Es bien curioso como un sector que podría ser punta de lanza contra el cambio climático (fijando carbono orgánico en el suelo), en realidad sea uno de los sectores que más contribuyen a él  :Frown: 

Deberíamos avanzar en la agricultura de conservación!!

----------


## F. Lázaro

> *La ONU llama a elaborar “Plan Marshall verde” para la agricultura*


No veo a EEUU haciendo un Plan Marshall II, y menos para esto  :Embarrassment:  :Big Grin:  :Big Grin: 

La palabra "verde" no entra en su modelo de desarrollo  :Embarrassment:

----------


## Salut

Je, es que ultimamente se han utilizado mucho los nombrecitos estos de marras... que si "Plan Marshall verde", que si "New Deal verde"...

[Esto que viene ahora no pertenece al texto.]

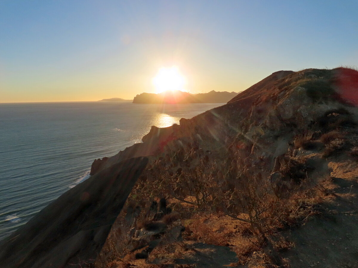 Начало: Часть 1. Окрестности Коктебеля. Часть 2. Разноцветные виноградники. Часть 3. Хребты и долина. Часть 4. Тихая бухта. Часть 5. Под крутыми склонами. Часть 6. Скумпия. Часть 7. Привал на 5-м мысе. Часть 8. На хребте. Тем временем солнце все больше склонялось к горам. Тень от Святой перекрывала солнечную дорожку. И само солнце не хотело, что бы у меня получились фотографии и не жалея, разбрасывало в объективе огромные красные и зеленые круги. По этой же причине не будет и видео. А мы шли все дальше по хребту . Орджоникидзе и склоны ярко сияли в лучах закатного солнца. Тепе-Оба тоже красовалась своими мягкими тенями. Да. Закат на горе ждать уже незачем. Он закончился, так и не успев начаться. Ну что же ! Солнце есть, а дорожки нет. Бывает и так! Оглянулись на немного окрашенные дальние горы за Коктебелем, и ушли вниз. Пока спустились, наступили уже сумерки. Но я не грущу, что закат не получился таким ярким, как хотелось бы. Ведь сегодня и так было столько много неожиданной осе

Pero mucho me temo que, de hacerse, sería únicamente con dinero europeo  :Mad: 





> La palabra "verde" no entra en su modelo de desarrollo


Hombre, cabe decir que en muchos aspectos de protección ambiental nos dan mil vueltas a los europeos (p. ej. en protección de aguas, al menos hasta la aprobación de la DMA)... su problema es que no quieren comprometerse con otros países. Y menos en algo tan "suyo" como es el petróleo  :Frown:

----------